A central repository where data is stored from multiple sources and in multiple formats.
It is time consuming and expensive to build, design, and maintain
Data may become obselete or inaccurate
What do data warehouses do to improve efficiency?
Optimise data for querying and reporting for predictive analysis
What is datamining?
Looking for patterns and information within large data sets (identify relationships between different sets of data). This requires large amounts of storage, processing power, and complex algorithms so can be expensive.
What are the main purposes of data mining?
To categorise data and give it context
To model data in a way that can be used for predictions
What is predictive analysis?
The process of using data held in a data warehouse ahnd apply statistical methods and algorithms to predict the likelihood of an event happening
How is predictive analysis different to data mining?
Data mining looks at relationships between data (correlation, etc) and identifies patterns. Whereas pred analysis makes predictions with that data
What is a distributed database
Data is stored across multiple different sites/locations but to the user it appears as one
What are benefits of distributed systems?
Reduce data each server has
Improve performance (faster local access)
Queries handled locally (less data sent on network so faster)
Scalable (paritions can be added)
Added security as sensitive data can be stored in one location
Drawbacks of distributed systems
Can be more expensive with more servers
If a server fails then data may be lost (more servers to fail)
Can be complex to handle transactions
What is a data transaction?
A single database operation such as insertion/deletion. It must be completed as one action in a distributed system as errors can occur (like transaction in payment system)
What is a two phase algorithm?
Used in distributed systems to ensure transactions are properly handled. (Agreements are met before a commitment)
Phase 1: Prepare
Phase 2: Commit
What is the steps of Phase 1?
One site acts as a coordiantor
The coordiantor sends a message to all participating sites to find out if a transaction can be done
Each participant
Tries to peform the operation (like inserting data)
Votes to commit if there are no issues)
Votes abort if an issues occurs
The coordiantor collects all votes
What is Phase 2 steps?
If all participants vote to commit the coordiantor will send a message to every server. Then each participant commits to the transaction
If any particiapnt votes abort the coordiator sends a message to every server to abort.
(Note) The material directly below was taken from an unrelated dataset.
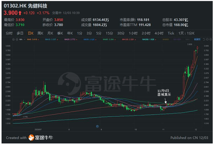 11月5日国家公布医用集采后,医疗器械企业普跌,然而先健科技却开始一轮新涨势,月内涨超84%。11月24日,高瓴资本和德福资本通过宗交易方式入资先健科技,成为公司重要股东。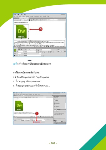 รูปที่ 8 ตัวอยกาง การปรับความคมชัดของภาพ การใส่ภาพเป็นฉากหลังเว็บเพจ 1. ที่ Panel Properties มลิก Page Properties 2. ที่ Category มลิก Appearance 3. ที่ Background image มลิกปุกม Browse… ~ 103 ~

Then all participants undo the action
What is distributed processing?
Work (processing) of data is shared accross several application servers instead of one single machine doing it all. (A database server will store required data and an application server will communicate with the database server to process data when required)
How can application servers be used?
Multiple applications servers can use the same database server to improve speeds (like one server handling an transaction and one server updating stock for the same database)
Benefits of separating data from processing?
Application servers have smaller storage requirements
Server redundancy + disaster recovery - if the database goes down it can be replaced by a backup server without changes to the application server
Additional security - application servers dont contain data
What are the 3 database level?
Application
Conceptual
Physcial (Schema)
What is the application level?
It defines how data is presented to individual users. Different users can have different views of data depending on access rights and needs.
e.g. Student VS Teacher a grade spreadsheet
What is the conceptutal level?
It defines the structure and organisation of data for the whole database. It describes what data exists and how it is related.
-Focus is on design oof database (relationships, tables, fields)
-ERD, Data dicitionaries are used to design this level
What is the physical level?
Deals with storage of data (How and Where data is stored on disk or memory (sever)).
This isnt concerned with meaning just efficiency and performance
What is data independance?Example?
You can change the way data is stored or organised in a database (modifying schema/physical) without affecting how it is used (if we modify collumns location user view shouldnt change and application server programs dont need to be rewritten if structure changes)
Changing one view in a 3 view system (attendence, grades, payslips) should not affect the other views so users wouldnt notice chages
When are conceptual level changes required?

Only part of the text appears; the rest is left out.